Thanks for the pic, you are quite correct.  If an extended gear drives the drawbar, then you will need to make or buy one.


----------



## MrWhoopee (Aug 12, 2018)

SCLead said:


> If you get bored enough, could you possibly tell me the bolt size and pitch that holds your collet closer onto the machine? It seems to be 3/8, but I only have a 16tpi bolt, and it doesn't want to thread in. I'm not sure if this is grimy threads, or wrong pitch.

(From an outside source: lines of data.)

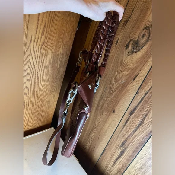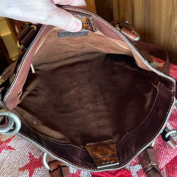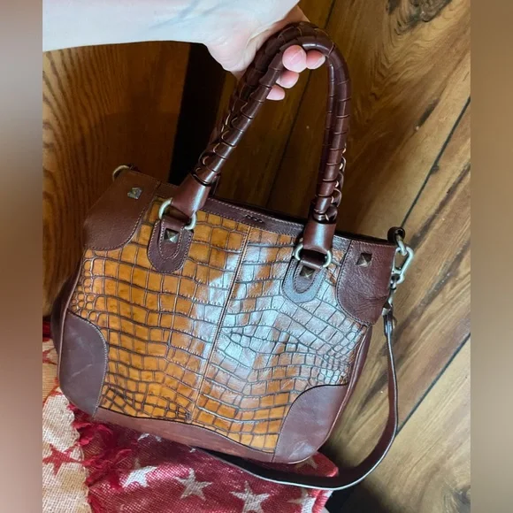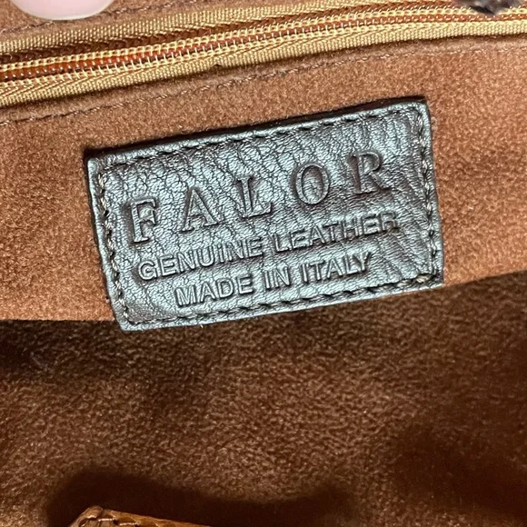 Falor Italian Leather Tote / Messenger Bag; Croc Embossed Leather Body; Brown Leather Trim; Braided Leather Permanently Attached Handles; Aged Silver Hardware; Pyramid Shaped Rivets Reinforce Trim For Straps & Handles; Gorgeous Chestnut Brown Suede-Look Velvet Lining ; Zipper Pocket; Falor’s Leather Designer Patch; Magnetic Snap Top Closure; Pressure Hook On/Off Crossbody Strap; Handles Can Be Worn On The Arm; A Few Exterior Trim Scratches; Small Strap Scratch; Gorgeous Bag; GUC
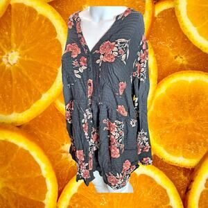 Torrid Women's Emma Babydoll Crinkle Gauze Long Sleeve Tunic Top Size 1
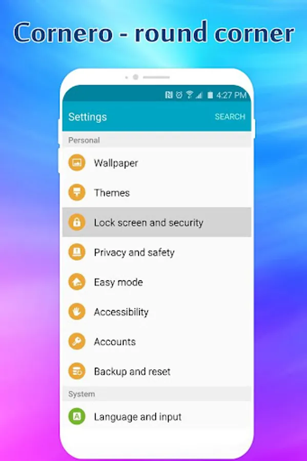 Cornero : Round Screen Corners offers many settings which allow you adjusting the corner's radius, corner color,
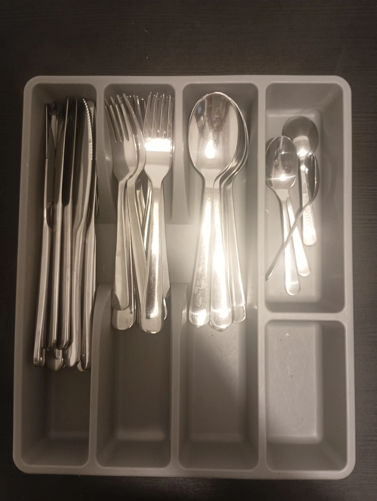 Full cutlery set in good condition with cutlery holder. (There are more teaspoons than pictures, currently in dishwasher).
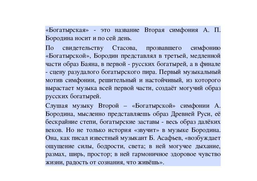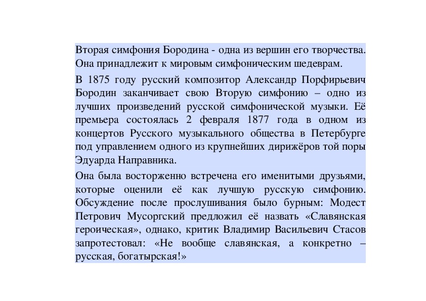 русская, богатырская!»«Богатырская» это название Вторая симфония А. П.

The thread chasing dial uses a 5/16-18 HHCS

The collet closer arm is mounted on a 3/8-16 thread on a 7/16 diameter headless stud which has a screwdriver slot in the end. It's similar to a shoulder bolt with the head cut off. It was apparently intended that the arm could just be slipped off the stud. My forward/reverse switch is mounted above this and is too close to allow the arm to slip off.


----------



## SCLead (Aug 12, 2018)

MrWhoopee said:


> The thread chasing dial uses a 5/16-18 HHCS
> 
> The collet closer arm is mounted on a 3/8-16 thread on a 7/16 diameter headless stud which has a screwdriver slot in the end. It's similar to a shoulder bolt with the head cut off. It was apparently intended that the arm could just be slipped off the stud. My forward/reverse switch is mounted above this and is too close to allow the arm to slip off.



You're my hero right now! With a bit of tender loving care cleaning the threads up, I was able to get 3/8 and 5/16 bolts into each. You're not too far away, if we ever cross paths, I definitely owe you a beverage of your choosing. Thank you!


----------